No one knows this better than Netanyahu. Just ask him about the two times he tried to launch an attack against Iran’s nuclear facilities only to be stopped – once by his security chiefs, and the second time by the security cabinet.
Ask him about his attempt to unilaterally annex large swathes of the West Bank under Trump, and how he was stopped by Gantz and Foreign Minister Gabi Ashkenazi, who discreetly lobbied America against the move. Ask him how he tried to approve a multi-billion-shekel budget this week to procure millions of more vaccines, only to be stopped by Gantz, who refused to convene the cabinet unless Netanyahu agreed to appoint a justice minister.
Prime ministers set the policy and the overall course of the nation, but they do not operate on their own. That, at one and the same time, is the strength and general flaw of the Israeli political system. On the one hand, prime ministers have a lot of leeway; on the other, it will always be hard for them to do something that dramatically reshapes the nation, since the different interests of their coalition will almost always force the prime minister to strike the middle ground.

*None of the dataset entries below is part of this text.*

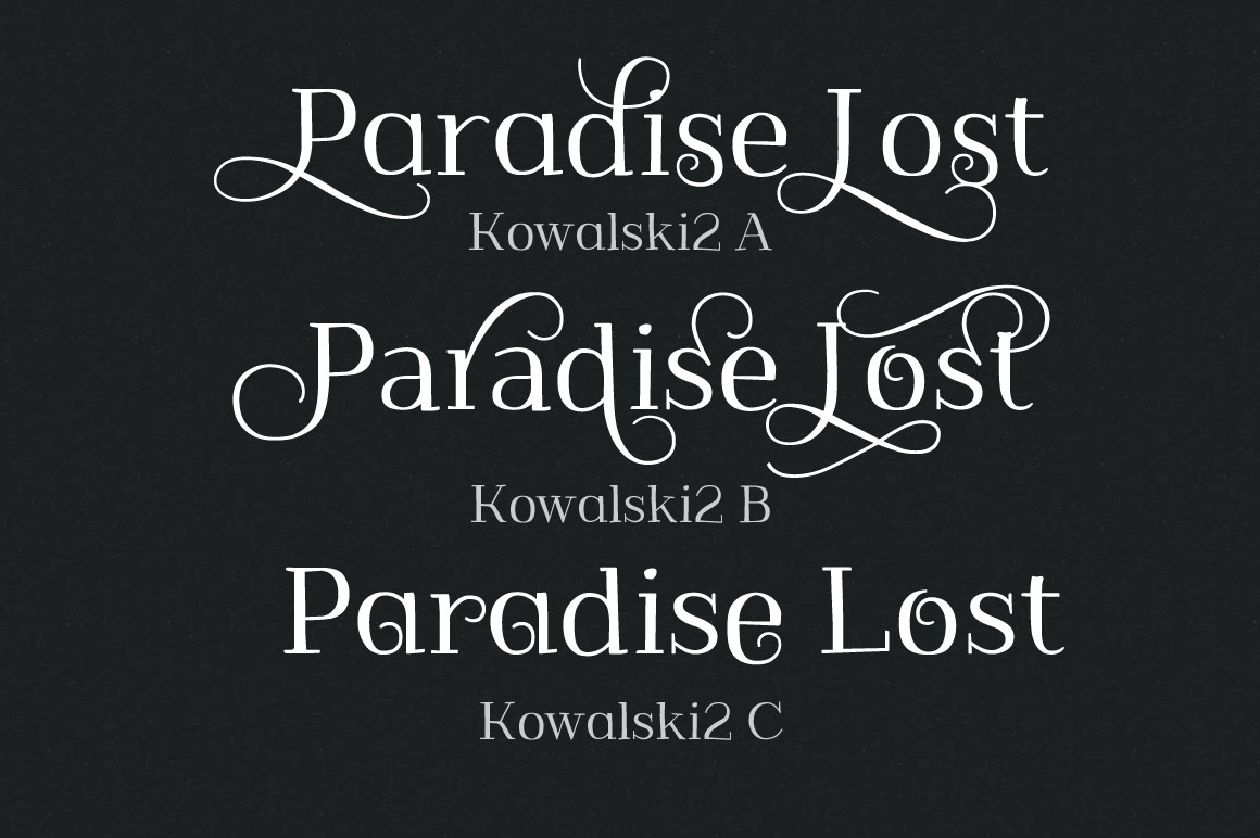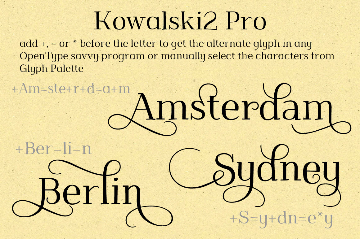 Kowalski2 is a decorative, serif, hand-drawn font. It can be used for invitations, greeting cards, posters, advertising, weddings, books, menus etc. The inspiration came from the beautiful font Desire designed by Charles Borges de Oliveira. Kowalski2 Pro is the most complete style, it contains all the alternates and ligatures. To get the alternate glyph just add “+”, “=” or “*” before the letter in any OpenType savvy application or manually select the characters from Glyph Palette. Kowalski2 Basic has the basic character set with 345 glyphs and no alternates. Kowalski2 A, Kowalski2 B and Kowalski2 C have less glyphs than the Pro one, they only contain some selected alternates and ligatures. Language support includes Western, Central and Eastern European character sets, as well as Baltic and Turkish languages.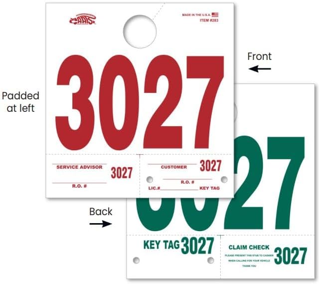 The White Service Dispatch Numbers offer practicality and durability, designed for efficient use in automotive service centers and beyond. Each pad includes 50 sheets made from sturdy 100# white tag stock, ensuring resilience against handling and environmental factors. With dimensions of 5-1/2" × 6-1/2", these dispatch numbers provide ample space for recording essential details like service information, customer data, and vehicle specifics. The pads are conveniently padded for ease of use, facilitating quick tear-off of sheets as needed during busy service operations. They feature a 1-1/4" hole diameter, allowing them to be hung on hooks or pegs for convenient storage and accessibility. The white color enhances visibility and clarity of information, ensuring that service personnel can easily read and update the dispatch numbers during daily tasks. Designed to streamline workflow and organization, these dispatch numbers are ideal for tracking jobs, scheduling appointments, and maintaining accurate service records. Their robust construction and generous quantity—packaged in sets of 1000 each—ensure a reliable and long-lasting supply, making them a cost-effective choice for high-volume service environments. Whether used in automotive repair shops, service departments, or other service-oriented businesses, the White Service Dispatch Numbers provide a professional and efficient solution for managing customer service requests and maintaining operational efficiency.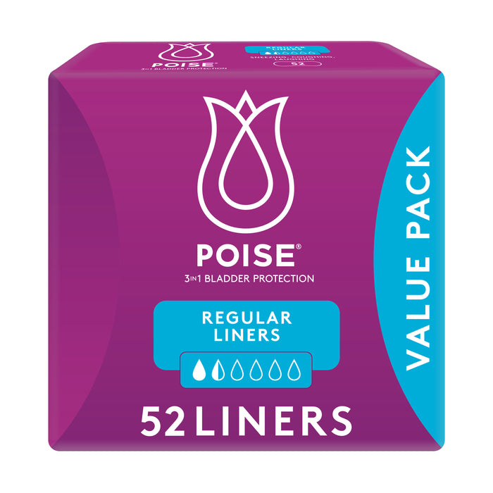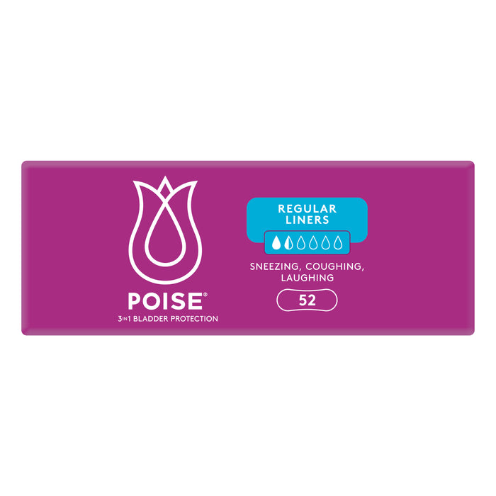 Poise Regular Liners for Bladder Leaks offer discreet protection against light bladder leakage. Providing additional coverage to period liners, they absorb bladder leaks commonly experienced when sneezing, coughing or laughing. Experience Poise 3 in 1 Bladder Protection to enjoy comfort, dryness and odour control. You've got Poise to keep you feeling feminine, confident and in control.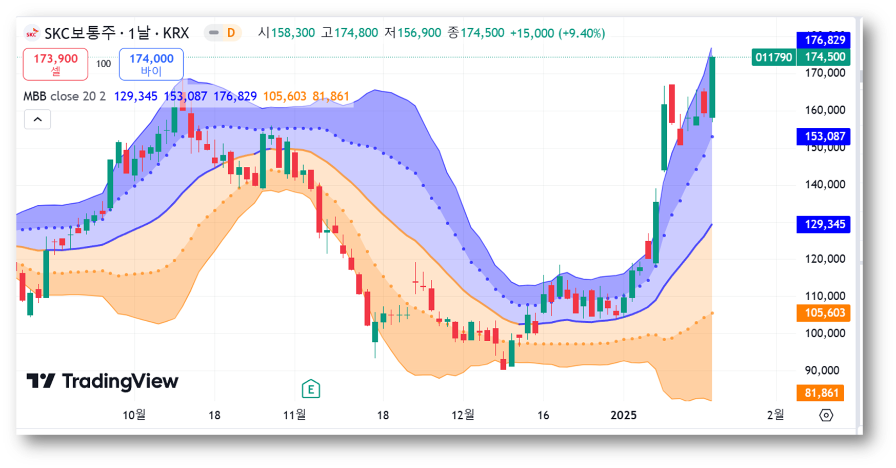 현재 주가는 볼린저 밴드 상단선 부근인 176,829원에 근접했는데요, 이는 상승 추세가 유지되고 있음을 보여주며, 상단 밴드를 돌파하려는 움직임은 강한 상승 모멘텀을 시사하고 있습니다.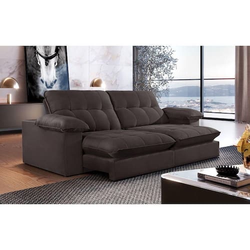 Suavidade e conforto em sua casa com o Sofa JUIZ DE FORA que possui encosto reclinavel, assento com Pillow de molas ensacada, fibra siliconada, assento retratil com rodizios que facilitam seu movimento.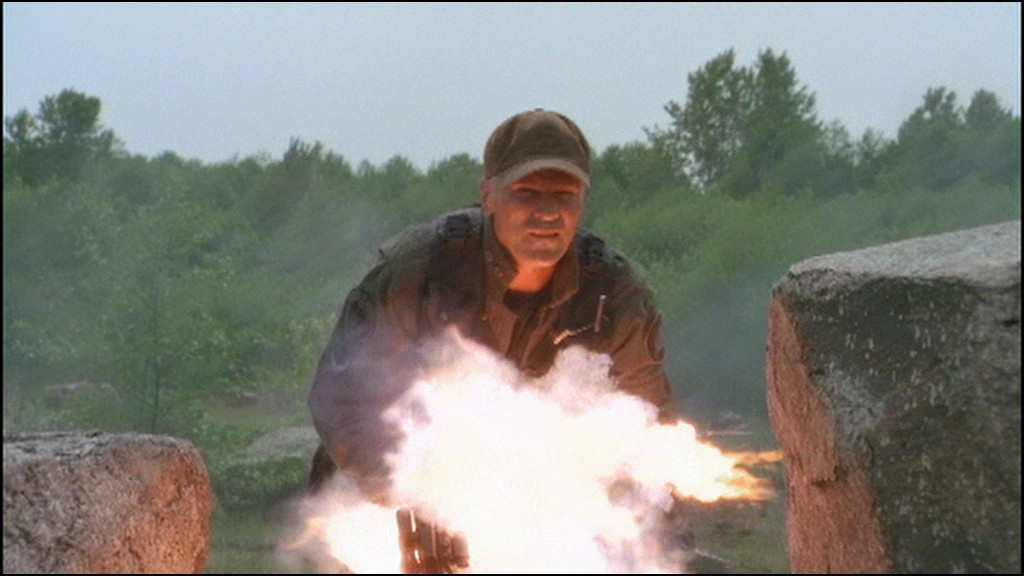 - While Colonel David Dixon and O'Neill are taking cover behind a boulder, Dixon forces his body backwards and moves the set piece.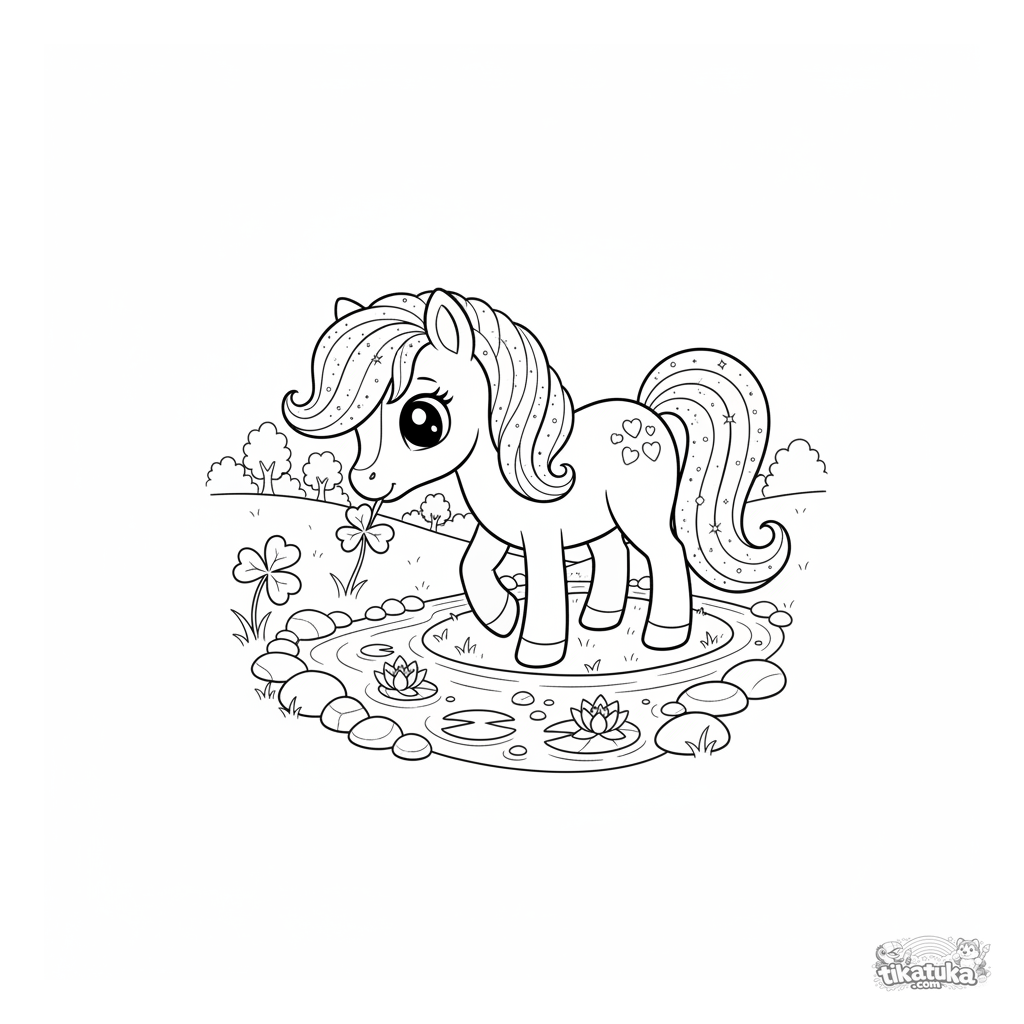 Раскраска с волшебным пони, который пасётся у кристального ручья. Для девочек 4-6 лет, сказочная и спокойная сцена.

And after all of this, we might end up with Netanyahu staying on as Israel’s prime minister, either by receiving the mandate to form a government and succeeding, or someone else being handed the mandate and not succeeding, and Israel ending up with a fifth election while he remains the interim premier.
Whatever happens in the coming weeks, let’s keep things in proportion – it is not the end of Israel.
This is true in either case. If Netanyahu stays on, it will certainly be problematic having a leader on trial – testimony starts on Monday – but Israel will be okay. Just like it will be with whomever succeeds him.
And this is terrific because it is a testament to our nation’s success: Israel today is greater than any one person. No matter who leads it.